Remark: Please, note the parentheses surrounding the expression in DEFAULT (see Handling of Explicit Defaults as of MySQL 8.0.13 in the manual). MySQL Workbench 8.0.13 again has some problems parsing the new syntax (see screenshot below), so I opened bug 92900 and it already got verified:

MySQL Workbench 8.0.13 erorr on default expression

I tried the new functionality with the following:

CREATE TABLE def_expr (
  id        INT           NOT NULL AUTO_INCREMENT,
  uuid_def  BINARY(16)    DEFAULT (uuid_to_bin(uuid())),
  geo_def   POINT         DEFAULT (Point(0,0)),
  geo_def2  GEOMETRY      DEFAULT (ST_PointFromText('POINT(42.69751 23.32415)', 4326)),
  json_def  JSON          DEFAULT (JSON_ARRAY()),
  json_def2 JSON          DEFAULT ('[]') /* this works too */,
  tomorrow  DATE          DEFAULT (CURDATE() + INTERVAL 1 DAY),
  radius    INT           DEFAULT (FLOOR(1 + (RAND() * 10))),
  area      DECIMAL(10,3) DEFAULT (ROUND(PI() * POW(radius, 2), 3)),

  PRIMARY KEY (id),
  UNIQUE INDEX id_UNIQUE (id ASC) VISIBLE
);



Then inserted two dummy lines and got the following results:

INSERT INTO def_expr VALUES (); /* x 2 */

SELECT id,
       bin_to_uuid(uuid_def) uuid_def,
       ST_AsText(geo_def)    geo_def,
       ST_AsText(geo_def2)   geo_def2,
       json_def, json_def2,
       tomorrow, radius, area
  FROM def_expr;


+----+--------------------------------------+------------+--------------------------+----------+-----------+------------+--------+---------+
| id | uuid_def                             | geo_def    | geo_def2                 | json_def | json_def2 | tomorrow   | radius | area    |
+----+--------------------------------------+------------+--------------------------+----------+-----------+------------+--------+---------+
|  1 | a2747ee0-d6ee-11e8-b02e-02004c4f4f50 | POINT(0 0) | POINT(42.69751 23.32415) | []       | []        | 2018-10-24 |      2 |  12.566 |
|  2 | a2ff920b-d6ee-11e8-b02e-02004c4f4f50 | POINT(0 0) | POINT(42.69751 23.32415) | []       | []        | 2018-10-24 |     10 | 314.159 |
+----+--------------------------------------+------------+--------------------------+----------+-----------+------------+--------+---------+
2 rows in set (0.0021 sec)


That's cool, right? I'm eager to use it in my projects.

SQL Functional Indexes


It's now possible to have functional indexes (see Functional Key Parts in the manual), which means that the index is build from expression values, instead of column values or column prefix values. In other words you could index values not stored in the table, which I think could be quite powerful in some cases. In composite indexes with multiple key parts you could have mix of functional and nonfunctional (regular) key parts. Functional key parts are implemented as hidden virtual generated columns (see CREATE TABLE and Generated Columns in the manual) available since MySQL 5.7.6 (from 2015-03-09). This also means that functional key parts have the same restrictions (i.e. deterministic built-in functions and operators are permitted, but subqueries, parameters, variables, stored and user-defined functions are not permitted).
To try the new functionality I though that IP addresses are usually stored as string in databases and then parsed, but the address could be represented as an (unsigned) integer value, which requires just 4 bytes. So I used the following:

CREATE TABLE func_index (
  id        INT        NOT NULL AUTO_INCREMENT,
  ipaddr4   INT UNSIGNED /* 4 bytes */,

  PRIMARY KEY (id),
  UNIQUE INDEX id_UNIQUE (id ASC) VISIBLE,
  INDEX func_idx ((INET_NTOA(ipaddr4)))
);

Remark: Please, note the parentheses surrounding the expression. Without them there would be цоде 1064 (syntax error). Not surprisingly MySQL Workbench 8.0.13 wasn't ready for the new syntax, so I opened bug 92908 and it also already got verified.
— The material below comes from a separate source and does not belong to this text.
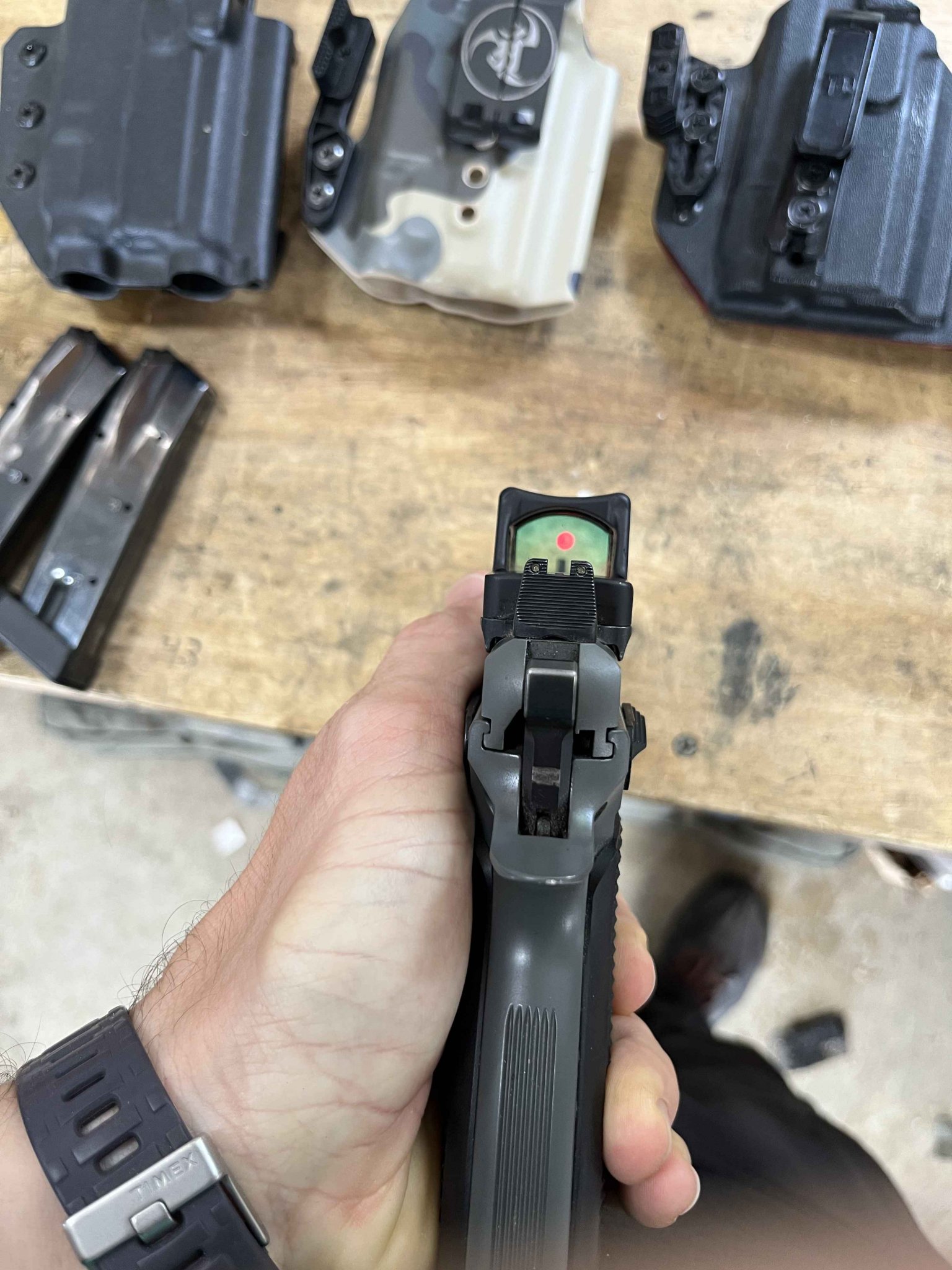 Milled by Primary Machine for the Trijicon rear site optic mount. The whole RMR footprint optic mount and rear sight are all one solid piece.
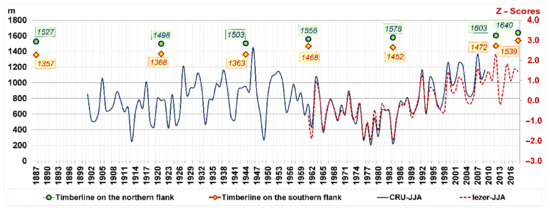 Comparing summer temperature variability with upper timberline dynamics between 1887 and 2018 and also taking into account that forest response to temperature variability has a time lag of approx. 10 years (but may be subject to other controlling factors at the same time) [8], we note that timberline dynamics generally followed temperature trends on both slopes of the massif (Figure 4). This may be reflective of the influence of summer temperature variability on timberline elevational position. However, during the period 1947–1976 which appears slightly colder, timberline ascent may have been influenced by other factors. We suggest that longer periods with increased summer temperature (e.g. 40–50 years such as 1977 to present) had a larger influence on timberline upward shift, while shorter cool periods (e.g., 30 years or less, such as between 1887–1910 and 1947–1976) likely contributed less to timberline dynamics. This is likely due to other climatic elements (high humidity, cloudiness and precipitation) and/or reduction in anthropogenic activities which may have favored timberline upslope shift. Our analysis therefore shows that longer intervals with summer temperature above the average had a greater influence on timberline rise compared to shorter intervals with summer temperature below the average.

MySQL Workbench 8.0.13 erorr on functional index

Then inserted a line and explained two SELECT queries below:

INSERT INTO func_index (ipaddr4) VALUES (INET_ATON('192.168.1.1'));

SELECT * FROM func_index WHERE ipaddr4 = INET_ATON('192.168.1.1');
SELECT * FROM func_index WHERE INET_NTOA(ipaddr4) = '192.168.1.1';

The first one would result in full table scan, while the second one would read the functional index func_idx. In order for the query to use the index it's important that the expression in the WHERE clause matches index's specification.

Option to Disallow Tables without a Primary Key

There is now the system variable sql_require_primary_key, which prevents the creation or altering of tables without primary key if set. In such case CREATE or ALTER queries would now fail with error code 3750 (see also SQL state ER_TABLE_WITHOUT_PK).
I tried this new possibility by setting the global variable in a session like this:

SET GLOBAL sql_require_primary_key = ON;

but I was able to create table without primary key. I have to check it again tomorrow and eventually report a bug. Setting the variable in my.ini and restarting the server worked just fine:

SQL> CREATE TABLE tab_no_pk (test INT);
ERROR: 3750: Unable to create a table without PK, when system variable 'sql_require_primary_key' is set. Add a PK to the table or unset this variable to avoid this message. Note that tables without PK can cause performance problems in row-based replication, so please consult your DBA before changing this setting.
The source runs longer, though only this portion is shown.